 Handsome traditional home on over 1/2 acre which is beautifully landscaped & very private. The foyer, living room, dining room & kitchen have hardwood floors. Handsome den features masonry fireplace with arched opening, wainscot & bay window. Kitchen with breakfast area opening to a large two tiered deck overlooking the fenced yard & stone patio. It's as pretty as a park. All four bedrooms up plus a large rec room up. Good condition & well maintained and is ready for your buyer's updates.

...

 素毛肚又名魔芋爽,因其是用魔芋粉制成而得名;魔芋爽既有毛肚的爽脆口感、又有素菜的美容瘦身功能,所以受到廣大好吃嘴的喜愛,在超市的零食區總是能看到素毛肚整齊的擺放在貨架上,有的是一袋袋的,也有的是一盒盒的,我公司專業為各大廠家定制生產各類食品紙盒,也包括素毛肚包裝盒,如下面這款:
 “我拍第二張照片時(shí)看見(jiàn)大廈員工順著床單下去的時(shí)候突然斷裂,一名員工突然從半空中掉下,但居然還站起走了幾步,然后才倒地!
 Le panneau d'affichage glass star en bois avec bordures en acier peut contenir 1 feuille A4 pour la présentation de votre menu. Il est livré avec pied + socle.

• [What you should do]:
Would you retype the lines above from the one with "素毛肚又名魔芋爽,因其是用魔" down to the one with "Le panneau d'affichage", word for word, both ends included and no other lines?

• [Response]:
 素毛肚又名魔芋爽,因其是用魔芋粉制成而得名;魔芋爽既有毛肚的爽脆口感、又有素菜的美容瘦身功能,所以受到廣大好吃嘴的喜愛,在超市的零食區總是能看到素毛肚整齊的擺放在貨架上,有的是一袋袋的,也有的是一盒盒的,我公司專業為各大廠家定制生產各類食品紙盒,也包括素毛肚包裝盒,如下面這款:
 “我拍第二張照片時(shí)看見(jiàn)大廈員工順著床單下去的時(shí)候突然斷裂,一名員工突然從半空中掉下,但居然還站起走了幾步,然后才倒地!
 Le panneau d'affichage glass star en bois avec bordures en acier peut contenir 1 feuille A4 pour la présentation de votre menu. Il est livré avec pied + socle.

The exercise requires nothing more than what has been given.